Funnily enough, it fits and isnt as contrary as one might expect. Having managed the transition from small-town girl (where everyone on the street practically knows your name and what you had for breakfast) without even blinking, I smoothly enmeshed myself into the routine that best serves the fact that I work in New York and live in the neighbouring Garden state.
Of course, I had help; Vijay to help with the office related settling-in and Ratheesh helped me find my groove in the svelte sophistication of Newport, Jersey City.
I never thought I would feel this way, but I like the bee-hive activity in the Big Apple and the constant buzz of people doing things. I like submerging into the sea of humanity and being led into and out of trains and while crossing the streets. There is simply no time for gossip and nose-poking here, its just not NY.
Rules here are simple and very primeval - "Keep Going or Get out of the way". This penchant for efficiency and productive non-intrusive outlook hasnt taken away the souls of the populace, if at all the vibrant culture and flourishing art, architecture, music and theatre are any parameters to go by.
Although treated with apparent disdain by the "natives", the vibes in Jersey City are by no means rural or pastoral as the polished cousins across the Hudson would like us to believe. Although its true that NJ is practically majority Indian with a smattering of the other nationalities, the people are smart, glamorous and ubercool too. If you arent up to going beserk in the 7th Avenue shops (after looking at pricetags) or find it ok to breeze in and out of Millenium Hilton (having eaten and paying the bill there) then Jersey City is probably slumming. But I am in the median of the population's per capita income and I like the close-to-home feel of Jersey and am looking forward to shopping in the 'Indian' street in Journal Square, eating at the Indian eateries in Edison, going to the Temple in Bridgewater and visiting Brinda in the family suburb of Brunswick.
An element of surreality is the place where I live, its a luxury furnished apartment in a high-rise and it overlooks the Newport Marina (where the rich people park their yachts), the Hudson river and the eternal lights of the Manhattan skyline. I have a doorman with a reception desk (replete with the uniform and the gold buttons) and my lobby looks like something from a Karan Johar movie set. To make things worse, I practically occupy the whole house by myself and have gotten even more spoiled with my idea of "space".

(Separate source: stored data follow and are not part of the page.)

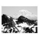 A black and white photograph of Mount Rainier with a rugged mountain range in the foreground. Image Copyright ©2023 Kimberly J Tilley. zazzle.com/store/developingnature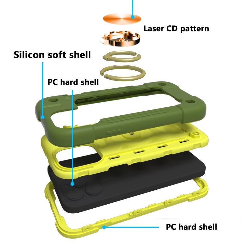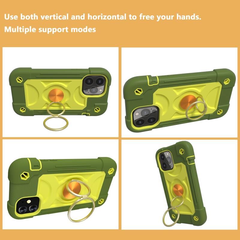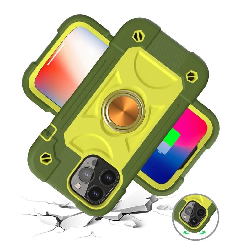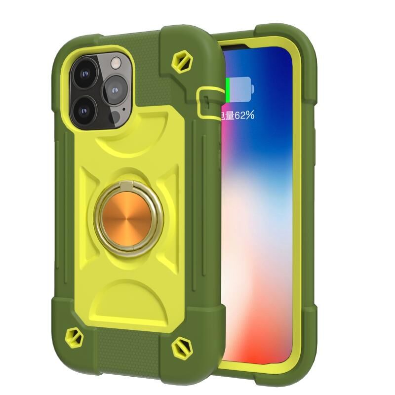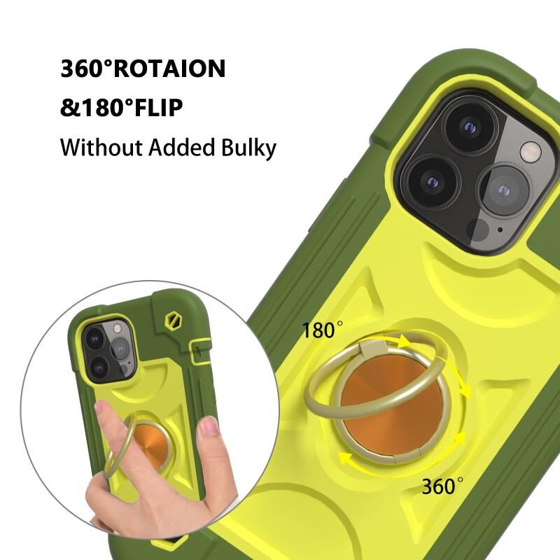 For iPhone 13 Pro Max Shockproof Silicone + PC Protective Case with Dual-Ring Holder (Avocado)
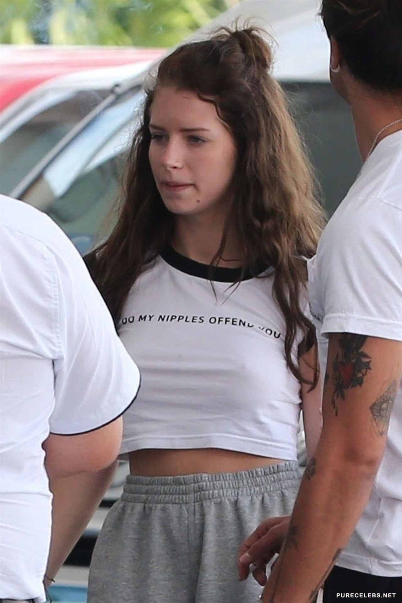 Younger sister of Kate Moss, pretty and quite petite girl, Lottie Moss was caught by paparazzi, recently, when she went out in baggy pants and crop top, obviously without a bra, so we could not clearly see her tits, but pokies were more than obvious, even from afar. Maybe that’s why she had the “Do my nipples offend you” written on her shirt, just in the case someone notices it.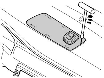 - Twist the tool 90° so that the bent section engages with the underneath of the loudspeaker grille.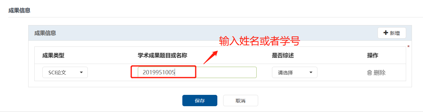 申报研究生于5月8日前使用个人邮箱账号登录“一张表”平台//one.heiliaobase.com,在“研究生评奖评优管理”-“研究生评奖评优申报”栏,点击“新增”进行信息填报及佐证材料上传,其中成果信息只需要输入“姓名或者学号”,然后在已审核通过的成果库中选择3篇代表作参评。同时扫码入“2023届优秀毕业生申报群”。成果库中未录入的成果需及时录入-导师审核-科研办姜老师审核。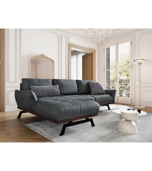 La collection Olivier se distingue par un design intemporel. Le cadre en bois foncé et les pieds en métal confèrent à la collection un caractère noble et élégant. Des accoudoirs profilés, une assise matelassée et des coussins-appuie-tête supplémentaires assurent le plus haut niveau de confort. La collection Olivier a été créée pour les pièces spacieuses et comprend un canapé d'angle, une chaise longue, un fauteuil et un appui-tête supplémentaire.

Independance and Freedom is in every atom here - you cook if you want or go out and eat, you stay in if you want or go jogging at 1 AM on the Hudson walkway, you save-up if you can or go shopping at the Newport Mall, you can drive or walk where ever or take a train to anyplace, you can internalize all you want and no one will bother you or you could surround yourself with people and be out all the time; Its your choice and there are no constraints here [except those of the financial kind, which we will not focus on just to keep our sanity].
In short, I am living it and loving it- the Desi take on the American Dream.